The Council of Europe Guidelines on AI: Strengthening Rights over Automated Decisions

Kaveh Cope-Lahooti

To celebrate Data Protection Day, on the 28 January 2019, the Council of Europe released guidelines on data protection measures in relation to artificial intelligence. The guidelines contain recommendations that serve to codify much of the emerging best practice around ensuring artificial intelligence systems are made compatible with human and data subject rights, building upon existing regulation of the sector provided in the GDPR and Convention 108.

Convention 108 (the Convention for the Protection of Individuals with regard to Automatic Processing of Personal Data), which is an international law framework applicable to the (predominantly European) Council of Europe members, was last updated in 2018.  Building on the Convention, the guidelines further specify certain core elements that should be included when data is processed in AI systems, mainly focused about ensuring data accuracy, non-bias and a ‘human rights by design’ approach.
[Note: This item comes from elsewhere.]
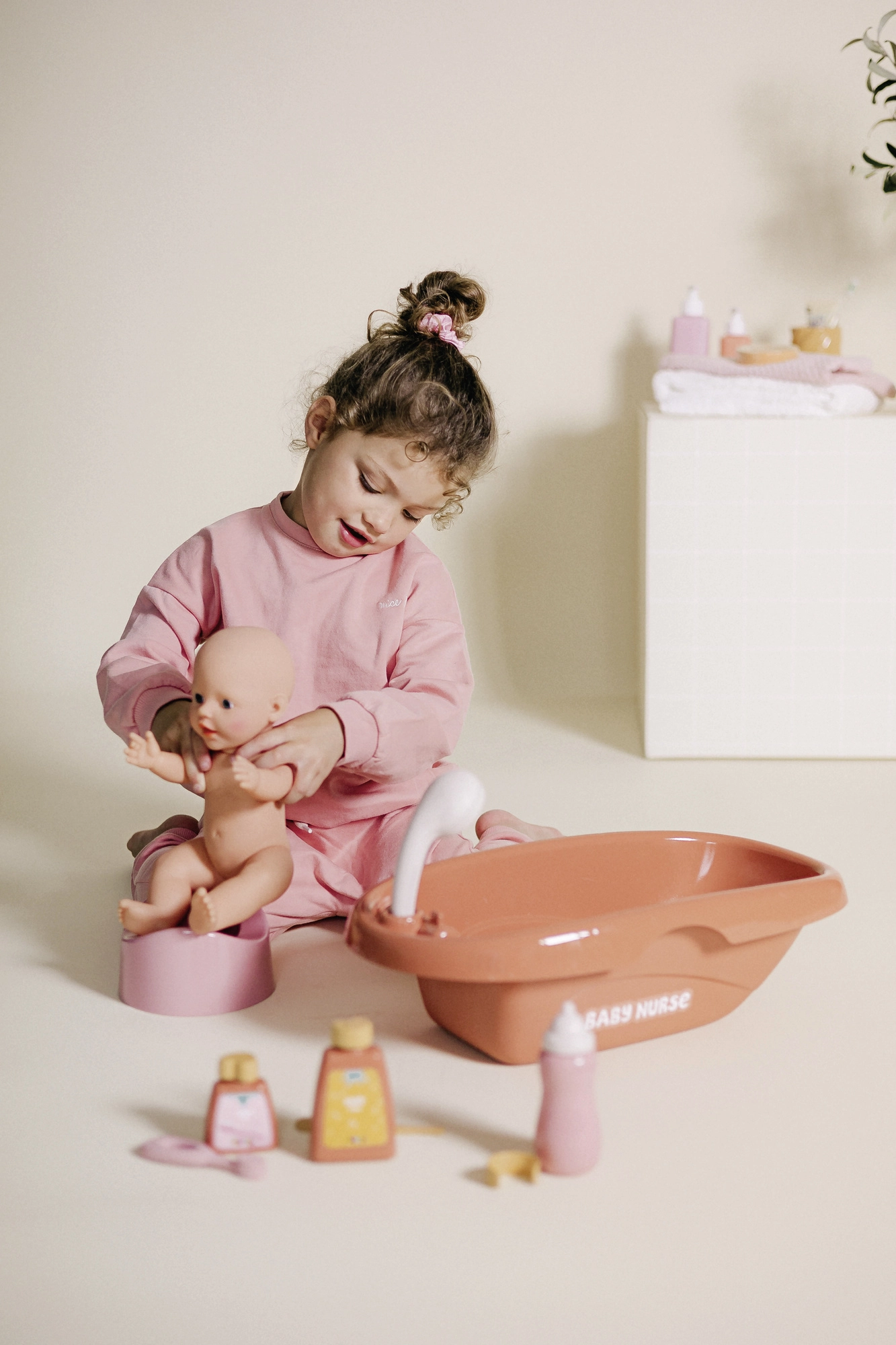 Enthalten sind Fläschchen, Töpfchen, Thermometer, Zahnbürste, Kamm und weitere Pflegefläschchen – alles für Füttern, Hygiene und das Üben von Selbstständigkeit.

It takes the latter to mean that all products and services should be “designed in a manner that ensures the right of individuals not to be subject to a decision significantly affecting them…without having their views taken into consideration”.
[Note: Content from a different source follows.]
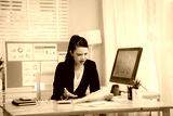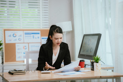 Stressed Asian businessperson sitting at desk with laptop, looking frustrated and overwhelmed by financial problems and work-related pressure indoors.

In practice, this will require organisations to conduct a wider risk assessment of their impacts in advance, and build-in governance methods to conduct an generate and consider relevant stakeholder input. One means of ensuring this is to involve, at an early stage in the design process, representatives from the design/development teams, HR, Data Protection and Risk departments and potentially executive and Boards members, in addition to seeking the advice of NGOs and other industry bodies already regulating data ethics. Organisations can rely on both external and internal data ethics committees, both to give their opinion on the potential social or ethical impact of AI systems, but also to be involved as a tool for ongoing monitoring of the deployment of AI systems.
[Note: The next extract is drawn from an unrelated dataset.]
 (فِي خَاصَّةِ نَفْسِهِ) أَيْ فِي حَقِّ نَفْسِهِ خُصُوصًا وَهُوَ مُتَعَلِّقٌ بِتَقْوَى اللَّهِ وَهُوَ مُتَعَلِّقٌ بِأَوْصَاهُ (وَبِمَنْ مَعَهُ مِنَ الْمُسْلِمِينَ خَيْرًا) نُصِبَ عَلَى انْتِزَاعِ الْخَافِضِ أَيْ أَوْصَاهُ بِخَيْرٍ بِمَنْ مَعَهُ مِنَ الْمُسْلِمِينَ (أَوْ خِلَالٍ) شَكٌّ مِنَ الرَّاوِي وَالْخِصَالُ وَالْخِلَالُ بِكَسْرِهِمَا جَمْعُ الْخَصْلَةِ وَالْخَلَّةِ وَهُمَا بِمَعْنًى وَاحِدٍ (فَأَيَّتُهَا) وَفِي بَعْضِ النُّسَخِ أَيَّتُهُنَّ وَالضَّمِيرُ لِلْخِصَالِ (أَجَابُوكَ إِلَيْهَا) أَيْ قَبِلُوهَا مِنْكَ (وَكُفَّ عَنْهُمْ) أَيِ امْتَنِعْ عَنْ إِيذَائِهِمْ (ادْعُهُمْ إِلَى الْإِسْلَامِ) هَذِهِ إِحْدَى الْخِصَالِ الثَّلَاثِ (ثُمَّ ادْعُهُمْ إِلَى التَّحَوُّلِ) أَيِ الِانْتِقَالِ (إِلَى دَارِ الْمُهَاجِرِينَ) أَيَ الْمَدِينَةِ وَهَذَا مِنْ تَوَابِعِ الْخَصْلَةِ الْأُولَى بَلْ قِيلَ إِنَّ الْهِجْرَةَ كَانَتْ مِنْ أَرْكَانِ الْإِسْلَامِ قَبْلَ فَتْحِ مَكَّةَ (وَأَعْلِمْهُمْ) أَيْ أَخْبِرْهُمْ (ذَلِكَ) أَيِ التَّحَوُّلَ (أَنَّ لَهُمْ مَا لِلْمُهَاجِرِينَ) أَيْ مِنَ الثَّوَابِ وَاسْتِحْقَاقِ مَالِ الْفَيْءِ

Most notably, the Guidelines also highlight the right for individuals to obtain information on the reasoning underlying AI data processing operations applied to them. Indeed, this refers to Convention 108’s most recent iteration, which outlines that, in the context of automated decision-making systems, data subjects should be entitled to know the “reasoning underlying the processing of data, including the consequences of such a reasoning, which led to any resulting conclusions”. This goes further than provisions of the GDPR that provide for data subjects to receive information on “meaningful information about the logic involved” in such decisions, as well as the “significance and the envisaged consequences of such processing”. 

Rather than simply covering explaining system functionality’ or which processes are performed (i.e. whether there is any profiling, ranking or data matching than occurs), and perhaps what the functions of features (e.g. categories of data) are involved in the design of an algorithm, the Convention 108 right is a more expansive right, extending to understanding why an actual outcome was reached, including after a decision was made. This would require a company to assess and track the way algorithms are trained, and perhaps even re-run decisions with modified or different criteria, in order to be able to diagnose what “led to any resulting conclusions”.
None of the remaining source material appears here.